-
Notifications
You must be signed in to change notification settings - Fork 682
Description
At Google we are using CRIU to accelerate certain workloads by snapshotting a process and then restoring it millions of times on a fleet of heterogeneous x86 hardware. (This is a tiny subset of the Google fleet but it is also large enough that we cannot afford to be picky about particular CPU configurations.)
We are currently using CRIU 3.17.
We have had our first issue with CRIU dumping appear recently as that workload's fleet has added more and more Sapphire Rapids CPUs to the mix. Specifically: Sapphire Rapids appears to have an xsave struct too large for CRIU dump to handle (11008 vs 4096).

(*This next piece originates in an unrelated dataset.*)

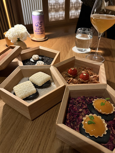 Dinner at Koan was a pleasant experience. The location is great and the restaurant's interior is beautiful. As soon as we stepped in, the staff started taking care of us, and that continued throughout the evening. We chose the non-alcoholic sparkling elderflower drink for the first bites, and one non-alcoholic and one hybrid non-alcoholic / sool pairing. I was very happy with my non-alcoholic pairing, which I think was as interesting as the food. In terms of food, most dishes were interesting, delicious, or both, and there was more than enough food. My favourites were the tofu & caviar, oyster & king crab, and the "oolong tea and good memories" dessert. I didn't like the Sun dae, but I don't like blood pudding in general, and I found the yuzu dessert overpowering, even though I normally love yuzu. Throughout the evening, I could definitely appreciate the consideration and care that went into designing and making every single dish. Overall, I can recommend Koan as a high-end restaurant, and I felt like the value for money was reasonable. There were as many staff members as guests. Perhaps what I liked most of all was that the atmosphere was relaxed and warm and we got lots of information not only about the food and drinks, but also about the dishes that were used for serving...

The relevant CRIU logs are:
Warn (compel/arch/x86/src/lib/cpu.c:136): cpu: fpu: max xsave frame exceed xsave_struct (11008 4096)
Error (compel/arch/x86/src/lib/infect.c:424): Can't set FPU registers for 306: Bad address
Error (compel/src/lib/infect.c:1472): Parasite exited with -1
Error (criu/parasite-syscall.c:213): Can't init thread in parasite 306
Error (criu/cr-dump.c:947): Can't dump thread for pid 306
Error (criu/cr-dump.c:1744): Can't dump threads
Error (criu/cr-dump.c:2108): Dumping FAILED.
From my own investigation, I've determined that the size of xsave_struct comes from the Linux kernel and is set at 4096.
I came across a random NetBSD patch that indicates Sapphire Rapids CPUs may have a maximum xsave space of 11008:
cpu0: xsave features 0x602e7<x87,SSE,AVX,Opmask,ZMM_Hi256,Hi16_ZMM,PKRU>
cpu0: xsave instructions 0x1f<XSAVEOPT,XSAVEC,XGETBV,XSAVES,XFD>
cpu0: xsave area size: current 2688, maximum 11008, xgetbv enabled
cpu0: enabled xsave 0xe7<x87,SSE,AVX,Opmask,ZMM_Hi256,Hi16_ZMM>
Unfortunately we do not have an easy way to force our CRIU workload onto a particular CPU architecture in our fleet, either while dumping or restoring, so it is time-consuming to reproduce this manually with instrumentation -- but it is possible through brute-force. So if its necessary for us to run additional commands to dump information about these problematic host machines, it is possible though might take a while.